What to produce: Which lines belong in your copy? Those from the start of the data through the line with "Το δεύτερο ανοιχτό", exactly as written, without any pictures.
━━ Given information
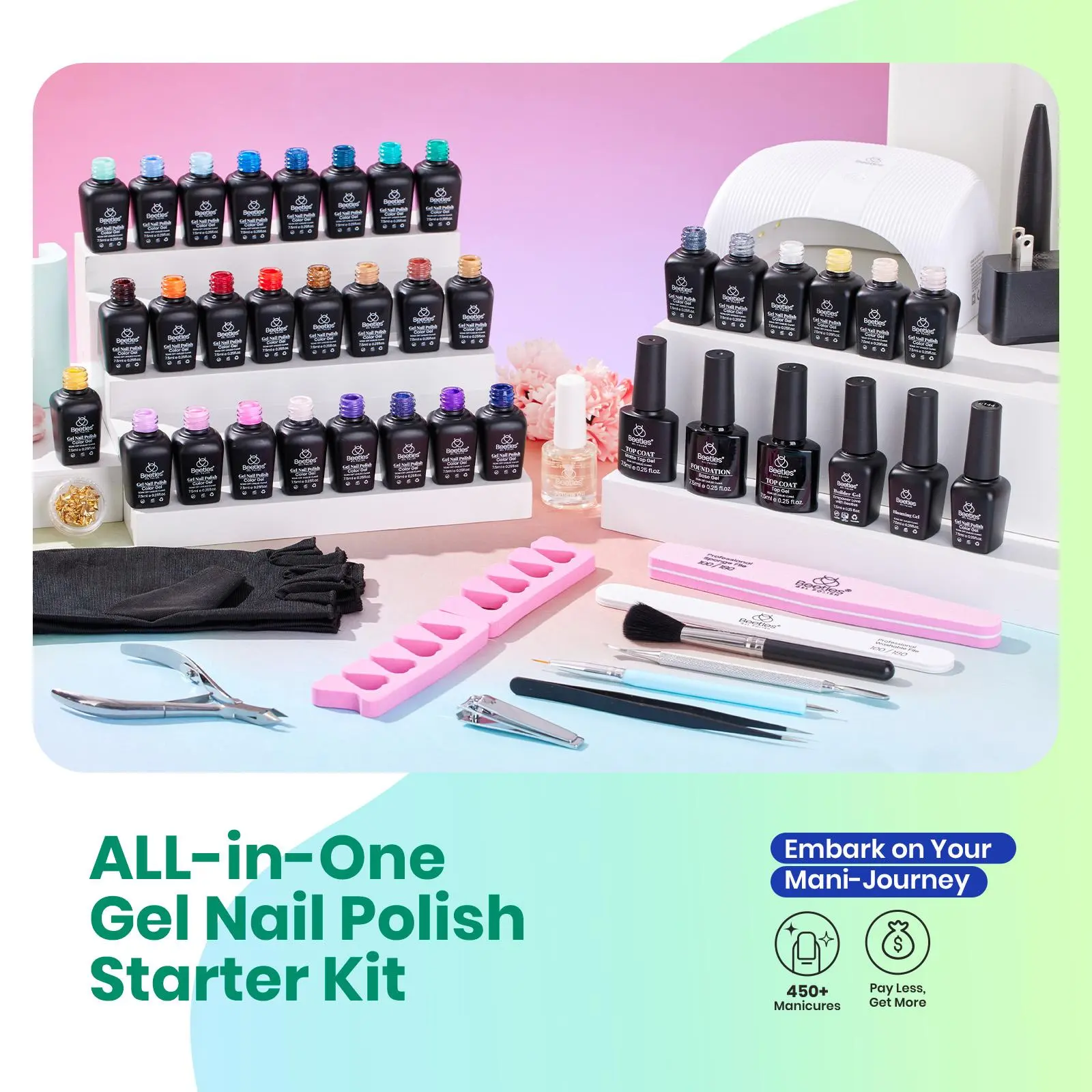Healthy & Affordable - A complete Beetles gel polish kit for safe, long-lasting, and cost-effective at-home manicures with family and friends.
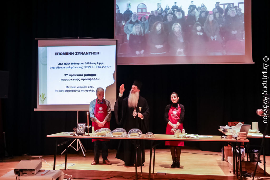 Το δεύτερο ανοιχτό μάθημα παρασκευής προσφόρου της Σχολής Παρασκευής Προσφόρου πραγματοποιήθηκε στο Αμφιθέατρο του Πνευματικού και Διοικητικού Κέντρου της Ιεράς Μητροπόλεως Φθιώτιδος στη Λαμία παρουσία του Σεβασμιωτάτου Μητροπολίτου Φθιώτιδος κ. Συμεών.
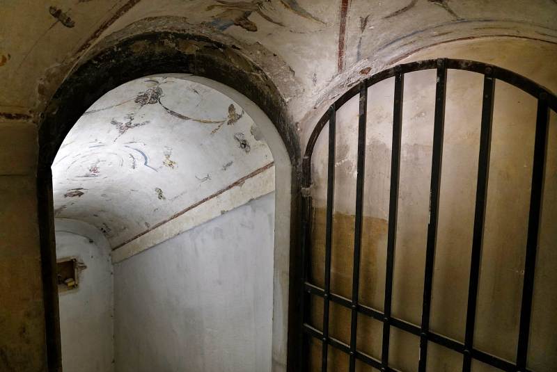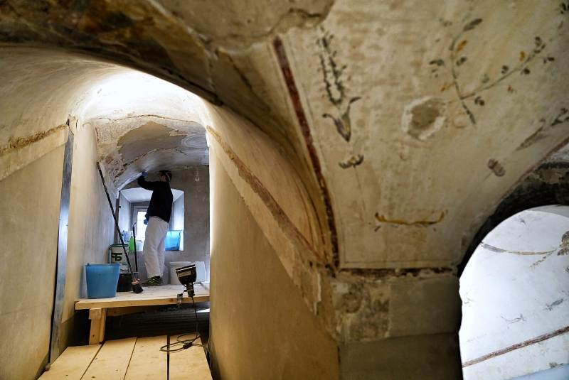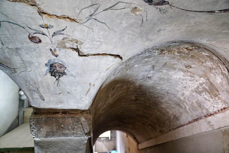 Erano impegnati nel recupero di una scala ‘segreta’, ancora inutilizzata, che dal Terrazzo di Saturno conduce fino al piano terra, sulla via dei Leoni. Durante le operazioni di ‘descialbo’ delle volte e delle pareti, ovvero nella rimozione accurata di tutti gli strati coprenti l’intonaco antico, i restauratori hanno riportato alla luce le superfici decorate a ‘grottesche’ risalenti all’incirca agli anni di poco successivi alla metà del ‘500, coeve a svariate pitture ubicate in altri ambienti di Palazzo Vecchio, attribuibili all’artista Marco Marchetti da Faenza.
━━━━
Response below:
Healthy & Affordable - A complete Beetles gel polish kit for safe, long-lasting, and cost-effective at-home manicures with family and friends.
 Το δεύτερο ανοιχτό μάθημα παρασκευής προσφόρου της Σχολής Παρασκευής Προσφόρου πραγματοποιήθηκε στο Αμφιθέατρο του Πνευματικού και Διοικητικού Κέντρου της Ιεράς Μητροπόλεως Φθιώτιδος στη Λαμία παρουσία του Σεβασμιωτάτου Μητροπολίτου Φθιώτιδος κ. Συμεών.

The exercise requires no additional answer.